+++ Provided records
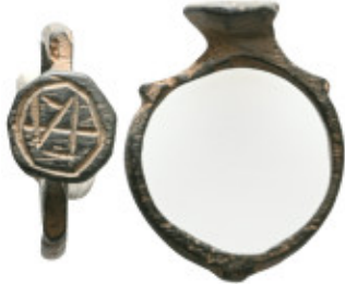
1132 ANCIENT ROMAN BRONZE RING.(3rd-4th centuries).Ae. Weight:2,8 gr Diameter:24,6 mm
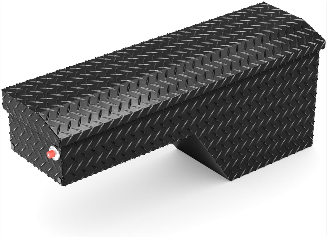
Image: Driver side view of the Weather Guard 172-5-04 tool box, showcasing its design for wheel well placement.
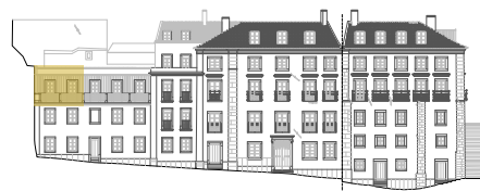
ALÇADO PÁTIO DO SALEMA | PÁTIO DO SALEMA FACADE
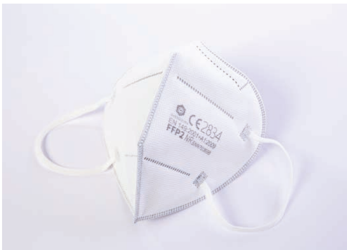
Face mask FFP2 R501-002-D9
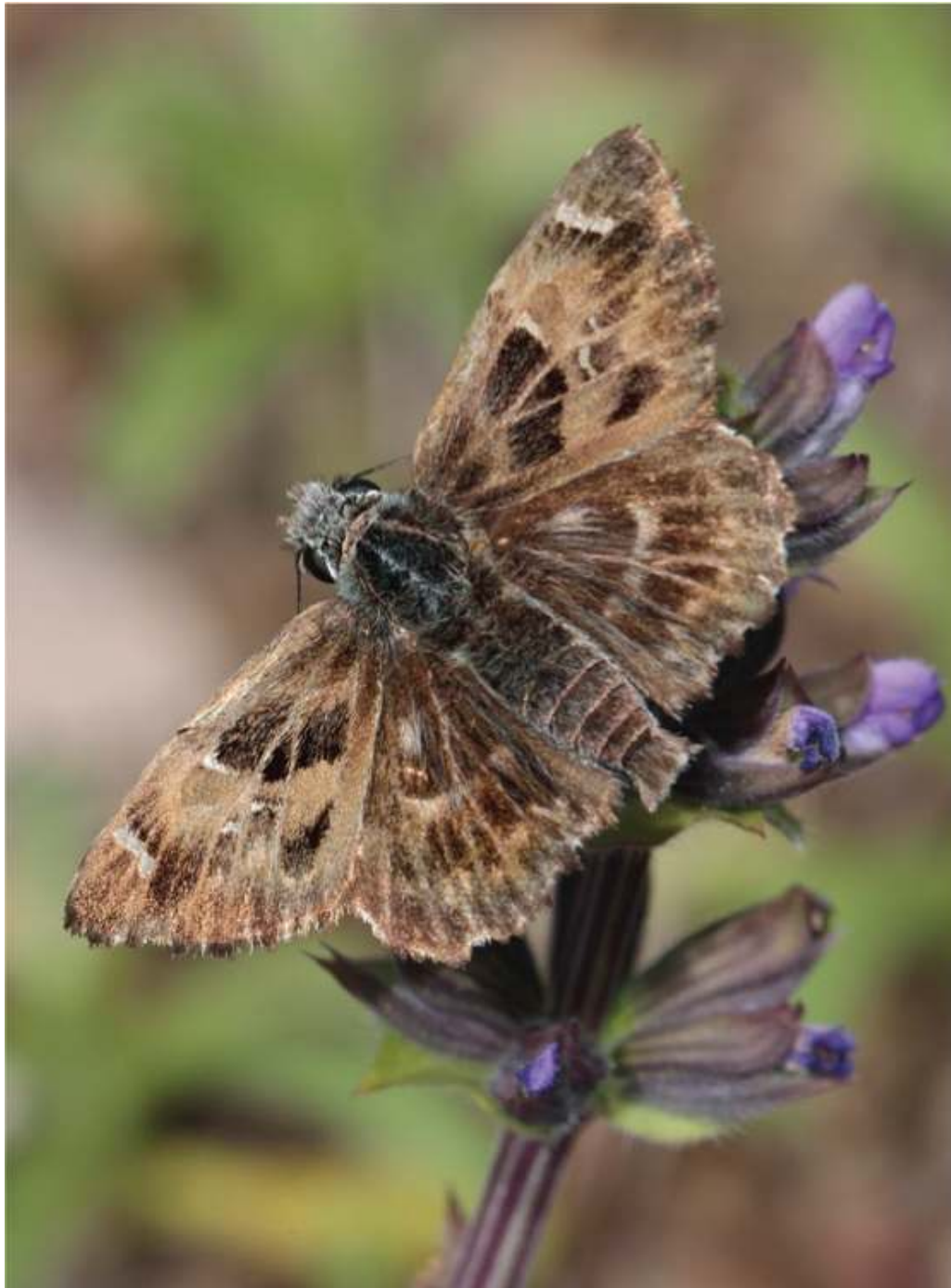
Mallow Skipper basking.

🦋 FLIGHT PERIOD One of the earliest species, appearing from March onwards, with several broods through to late summer; further south it may be present all year.
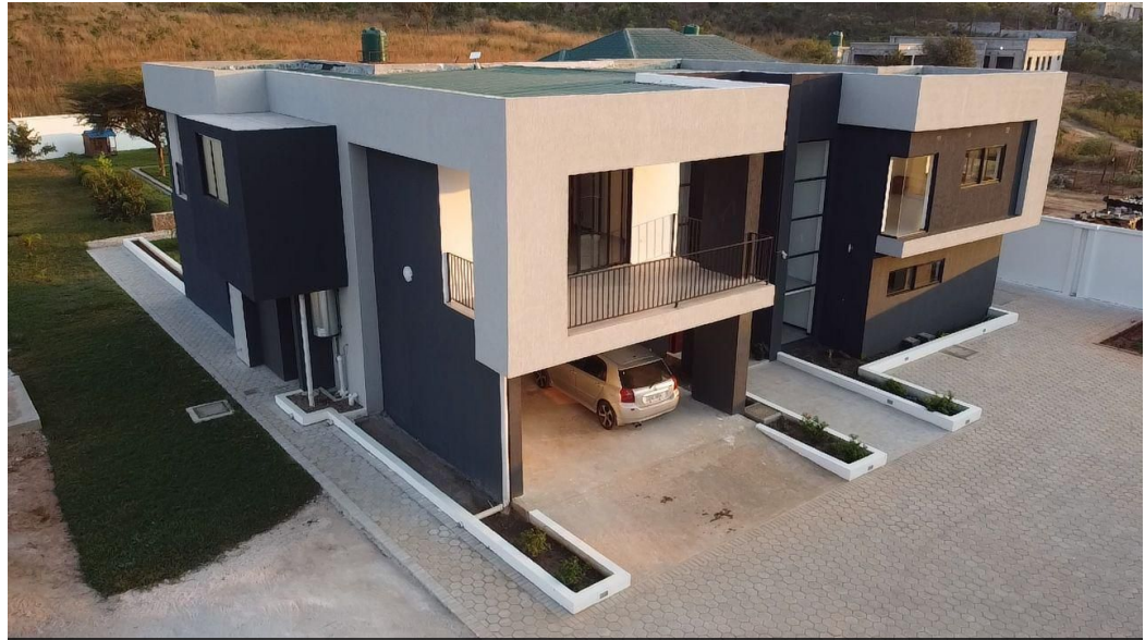
Web Ref RL1499

Foxdale Court 114 1st Floor, Second Building 609 Zambezi Road Roma Lusaka 10101
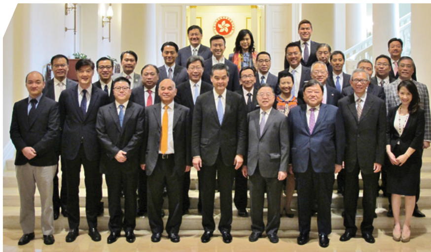
Luncheon hosted by the Chief Executive Mr. Leung Chun-ying at the Government House

The world economy is recovering though not with flying colors. China, in the midst of the "New Normal", is still the center of the world's attention. It is the second largest economy in the world. The launch of the new Silk Road plan dubbed as "One Belt, One Road", the introduction of the Asian Infrastructure Investment Bank (AIIB), the inclusion of the RMB in the basket of the IMF's Special Drawing Rights (SDR) for example put China in a more important and hopeful position in the world. What is important is that all these initiatives are of the intention that "all parties win".
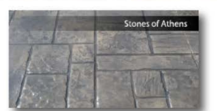
Color Hardemen: Walnut & El Paso | Release Color: Midnight Gray
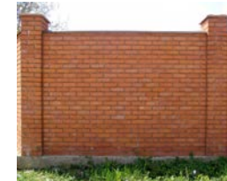
Brick & Masonry
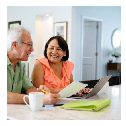
Social Security Public Affairs Specialist in Virginia

If you did not apply for Medicare Part B (medical insurance) within three months before or after turning age 65, you have another chance each year during the General Enrollment Period. The period runs from January 1 to March 31 every year.
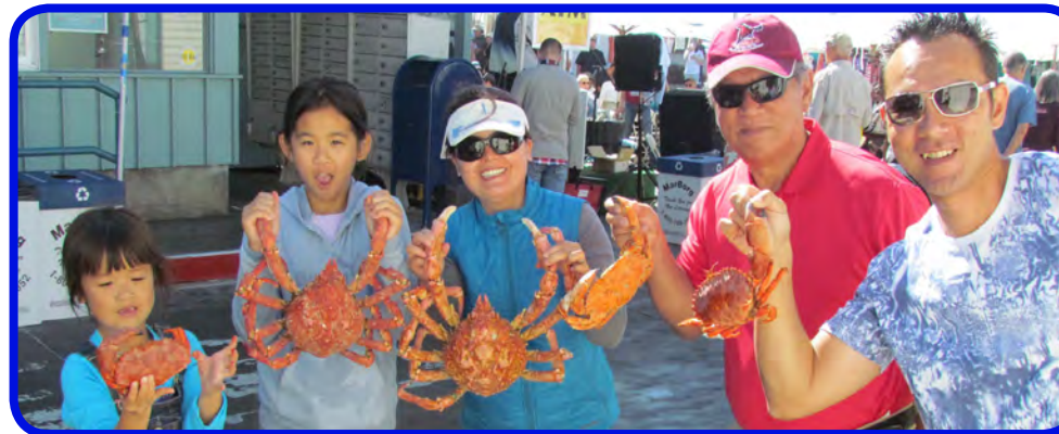
A family enjoys fresh seafood at the 2016 Harbor & Seafood Festival

Missed the Festival? Loved it? Heard about it from friends? Well, it's never too early to mark your calendar for next year's event on Saturday, October 14, 2017.
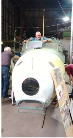
Two volunteers working on nose cone of Anson.
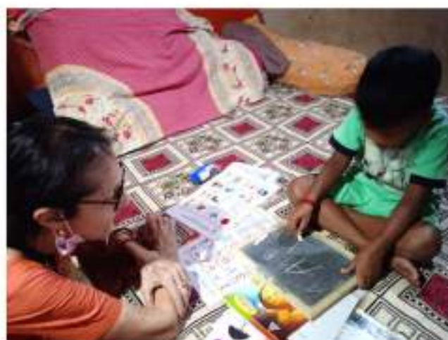
One of the student preparing the lesson
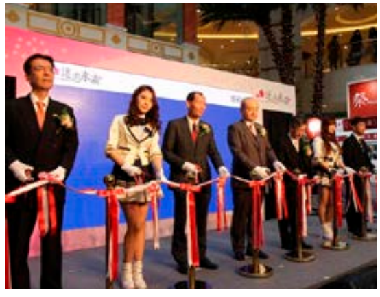
The local promotion project in Shanghai, launched to recover reputational damages
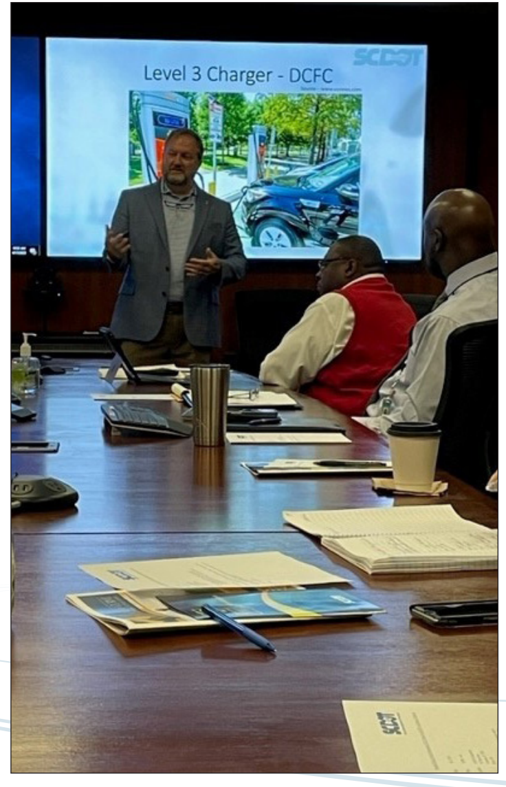
Bedenbaugh elaborates on the various charger levels which comprise NEVI.
++++++
Description of the task
What should come back is an exact copy of the lines above from the line with "Face mask FFP2 R501-002-D9" to the line with "Luncheon hosted by", both included, minus the pictures.

Output below
Face mask FFP2 R501-002-D9
Mallow Skipper basking.

🦋 FLIGHT PERIOD One of the earliest species, appearing from March onwards, with several broods through to late summer; further south it may be present all year.
Web Ref RL1499

Foxdale Court 114 1st Floor, Second Building 609 Zambezi Road Roma Lusaka 10101
Luncheon hosted by the Chief Executive Mr. Leung Chun-ying at the Government House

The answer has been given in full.